Like Dr. and Mrs. Rogers, Rita has English heritage. In 2000, she traveled to England for an authentic experience of English culture and to study the traditional gardens for her work in Oconomowoc. “Sometimes, we had to find similar alternatives to the English plants because the climate is different in Wisconsin,” Rita says.

Realizing the extent of the work ahead of her, in 2000 Rita moved from her recently acquired position in the purchasing department into a solely gardening position. She worked four to six hours per day, five days per week from March until November on her life’s passion of transforming the gardens to their full potential, which was finally reached in 2001. “Early on as a child, I read hero stories and I really wanted to do something to make a difference in this world, and I truly didn’t know that this was it until it was done,” she says.
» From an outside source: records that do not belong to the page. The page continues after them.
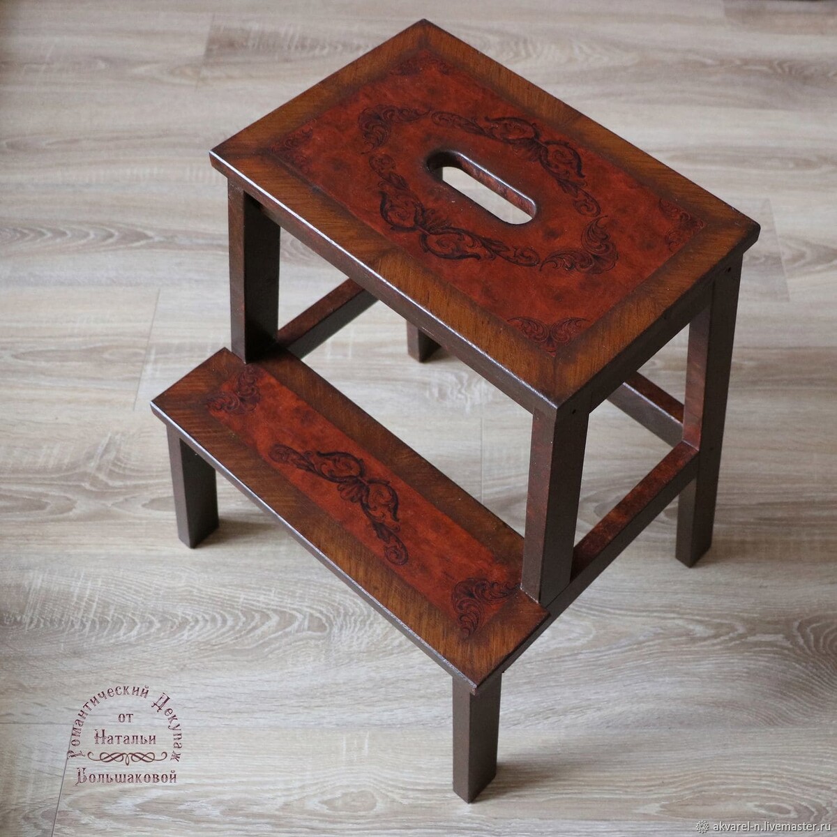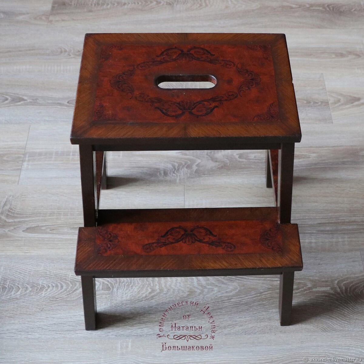 Декор табурета-стремянки в классическом стиле. Такие табуреты пользуются большим спросом, они удобны и незаменимы в хозяйстве.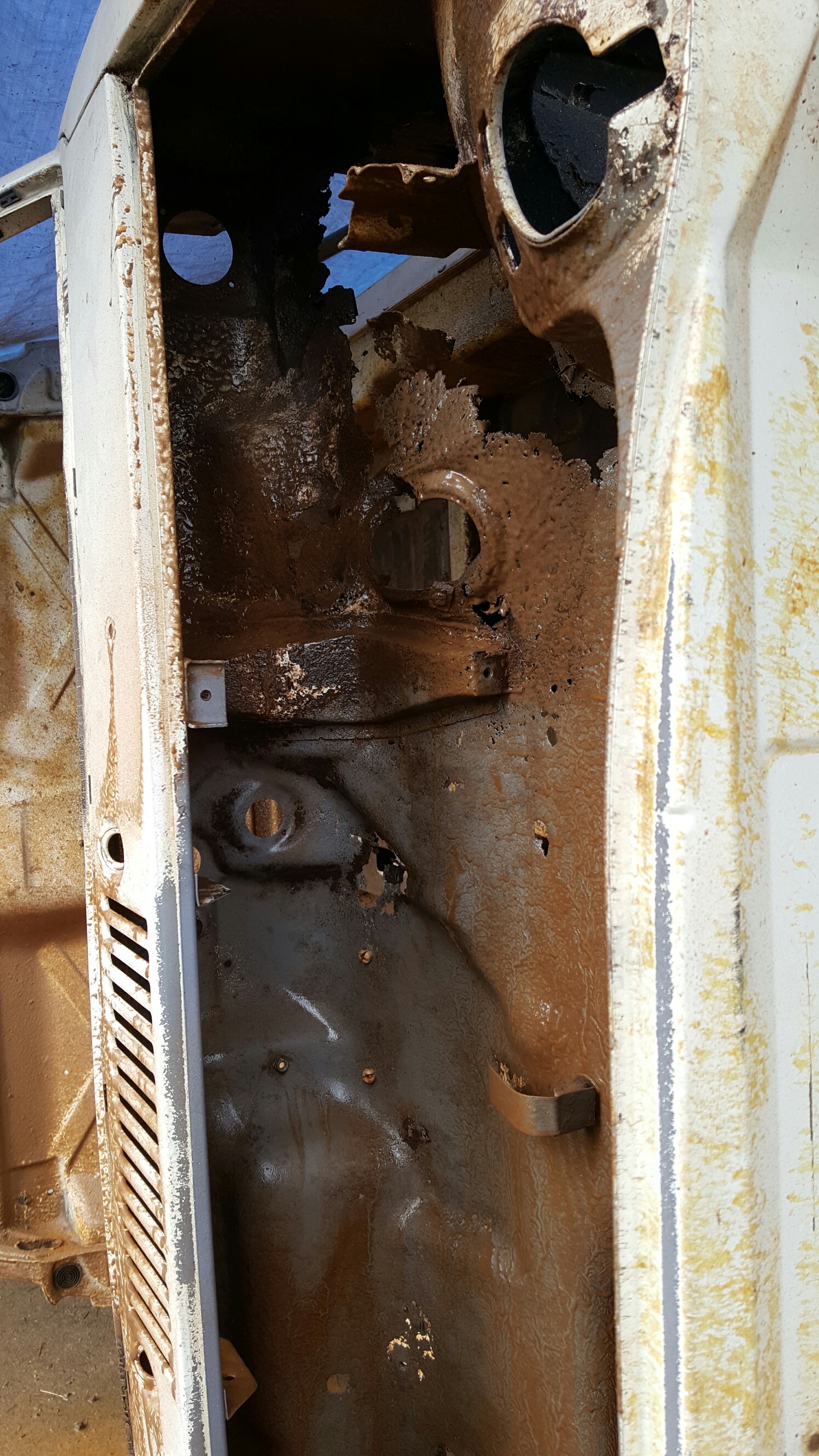 The backstory is that Wes got it in Oakland where it had sat behind a rib joint for some time. Apparently, some rodents made a home in the air box. They also acquired a taste for ribs. It appears the brought a few back with them. They were there for some time, and urinated eating the bulkhead out. The hell hole and floorboards look good. The pan is intact and looks good. He has a bunch of work ahead of him, but it will get restored back to stock ivory white. Attached thumbnail(s) |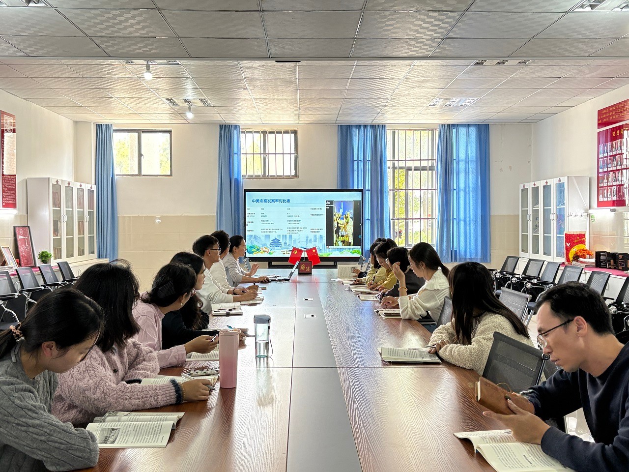 为深入学习贯彻习近平新时代中国特色社会主义思想,贯彻习近平总书记对学校思政课建设作出的重要指示精神,切实提升《形势与政策》课程的教学针对性、时效性和思想性。9月25日,马克思主义学院组织开展2025学年秋季学期“形势与政策”课第三次集体备课会,全体承担“形势与政策”课教学任务的老师参加此次备课会。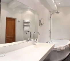 Номер категории «Люкс», общей площадью 49 кв.м. Номер оформлен в пастельных тонах и состоит из двух комнат: спальной комнаты и гостиной/кабинета, а также ванной комнаты. В спальной комнате – двуспальная кровать, в гостиной – расположена рабочая зона и диван для отдыха, имеется кухонное оборудование. В ванной комнате – джакузи. Светонепроницаемые шторы обеспечат комфорт, тишину, уют и спокойный отдых. Система кондиционирования воздуха обеспечит комфортную температуру в летний период времени.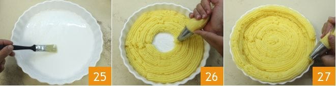 Mientras tanto, unta con mantequilla un molde de 27 cm de diámetro, ayudándote con un pincel 25, luego transfiere la polenta a una manga pastelera con punta de estrella y crea el fondo de la tarta, formando círculos concéntricos 26. Finalmente, dibuja el borde de la tarta exprimiendo la polenta a lo largo del perímetro del molde 27.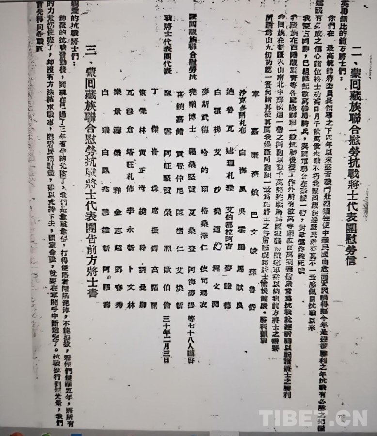 撫今追昔,再讀1941年2月由蒙、回、藏等各民族代表(藏族代表有喜饒嘉措、阿旺堅贊、貢覺仲尼、羅桑堅贊、格桑澤仁、丁杰、倫珠、策覺林、黃正清、劉曼卿、鄧春秀、繞干等)聯(lián)署的《蒙回藏族聯(lián)合慰勞抗戰(zhàn)將士代表團告前方將士書》(以下簡稱《告前方將士書》)(原擬赴各戰(zhàn)區(qū)慰問前線將士,因交通關系,未能成行),深感它不僅是一封跨越地理阻隔的致敬信,更是一曲蕩氣回腸的民族精神交響曲。當我們將目光聚焦于這份文獻本身,會發(fā)現(xiàn)其中蘊含的精神力量至今仍在激蕩。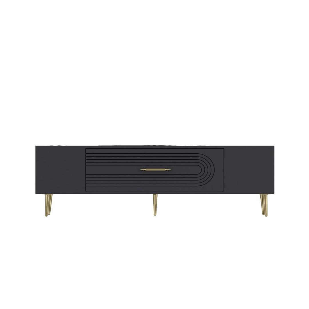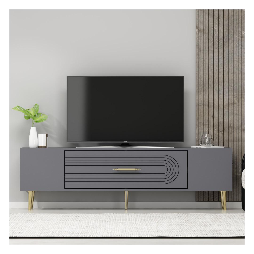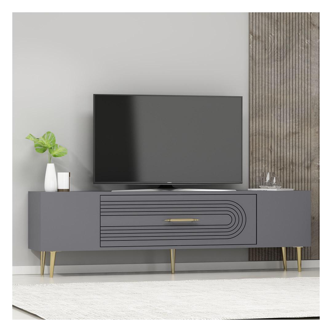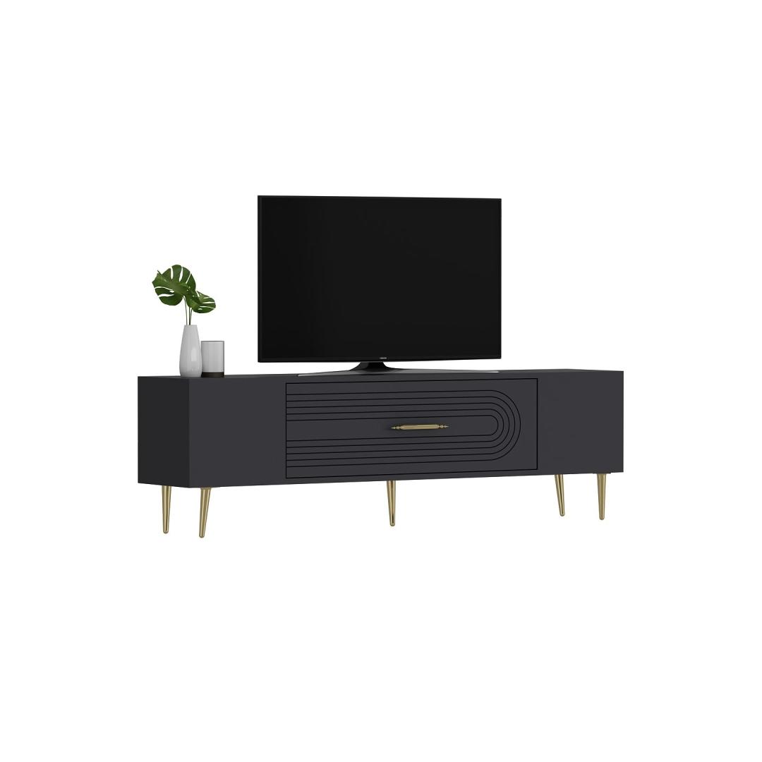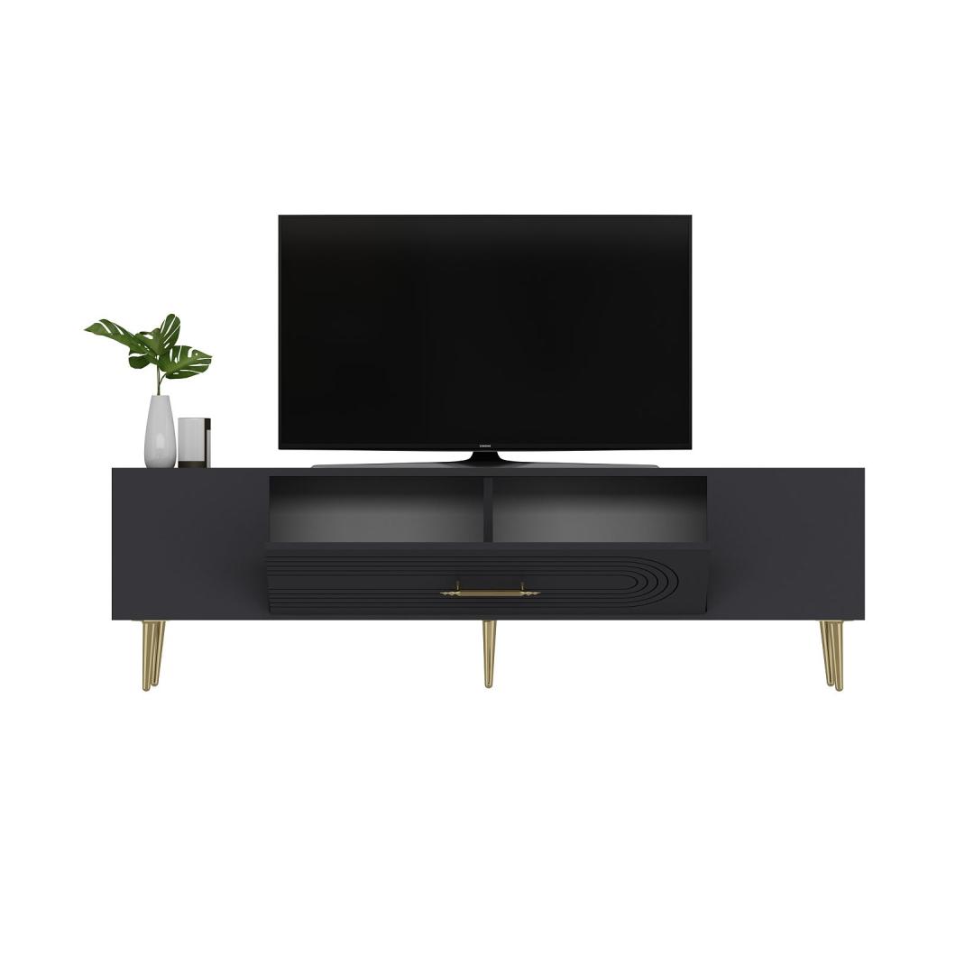 Transform your living room into a stylish and sophisticated space with our stunning TV stand. The sleek design and elegant color combination of anthracite and gold will instantly elevate the look of your entertainment area.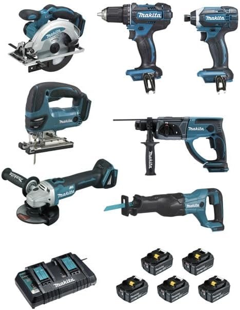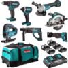 Makita DLX7013PT1 18 V Akku-Maschinen-Set – 7-teiliges Profi-Werkzeug-Set inkl. 5 Akkus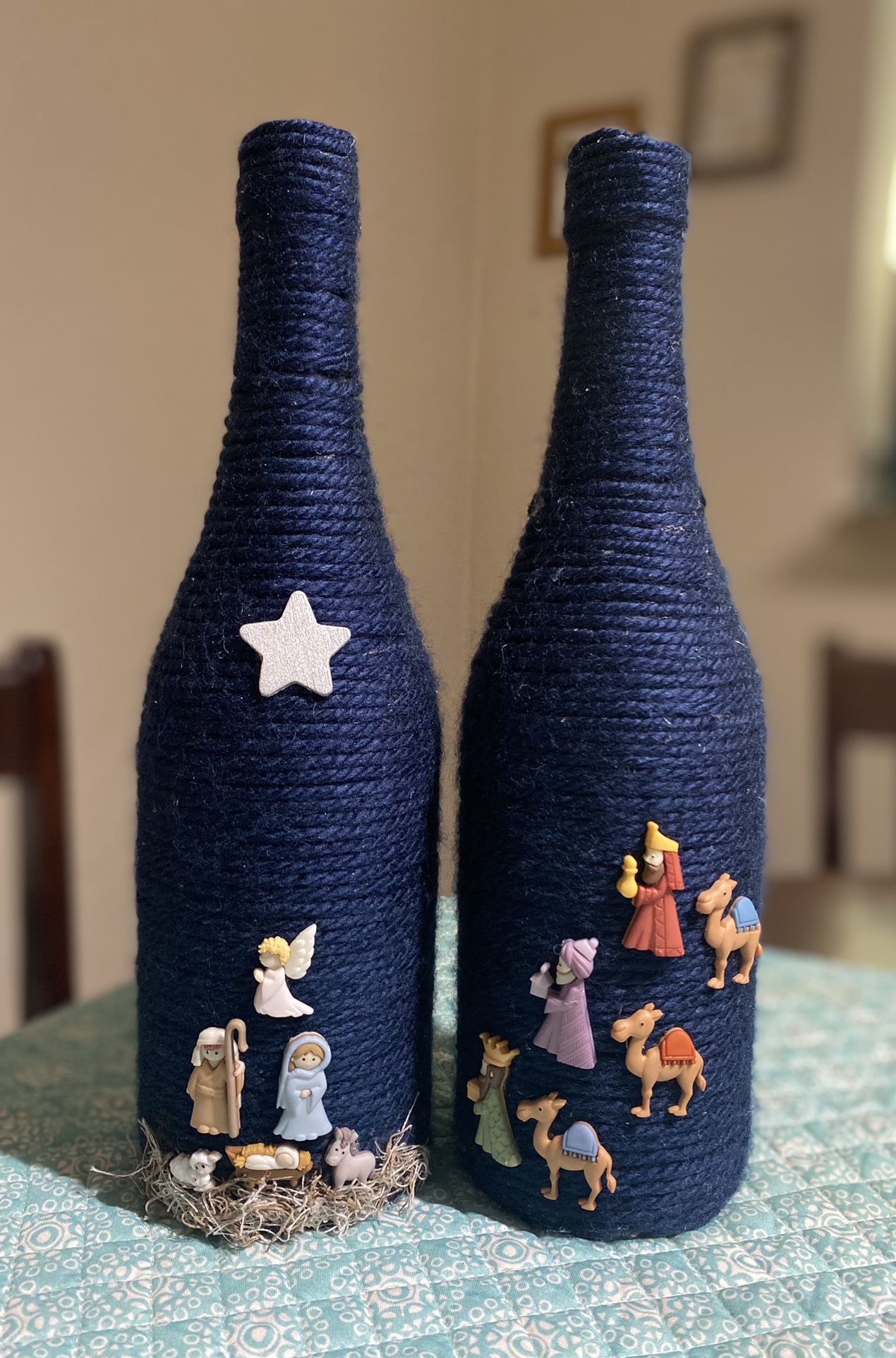 Nativity & Three Kings wine bottle set. Decorated in navy blue yarn.

Working in the gardens wasn’t just smelling the roses. The biggest challenge Rita faced was getting water access in the gardens. Before a pump was installed in 2012, she and other volunteers had to haul hoses to the gardens.

Stature dedicated to Rita

Statue dedicated to Rita Nolte.

Rita’s Final Reflection

Volunteers and patients not only helped build the gardens, but many have experienced the healing properties of nature that Rita stands by. She says one patient told her, “Pulling these weeds is like pulling the trouble out of my life.”

Another patient made discoveries about her own perfectionisms by working in nature. Rita notes, “She learned some plants die no matter what you do, and that’s not failure, that’s just the natural life cycle of a plant,” says Rita. “You can do the best you can and things don’t always turn out. She knew the gardens were still beautiful even though they may have had a few weeds or dead flowers.”

Rita credits her passion and knowledge of gardening to the teachings of her mother, grandmothers and grandfather. Regardless of the amount of time and work she put into the gardens at Rogers Memorial Hospital, she insists,

“The real story is the garden, I just happened to be in it and it was my privilege.”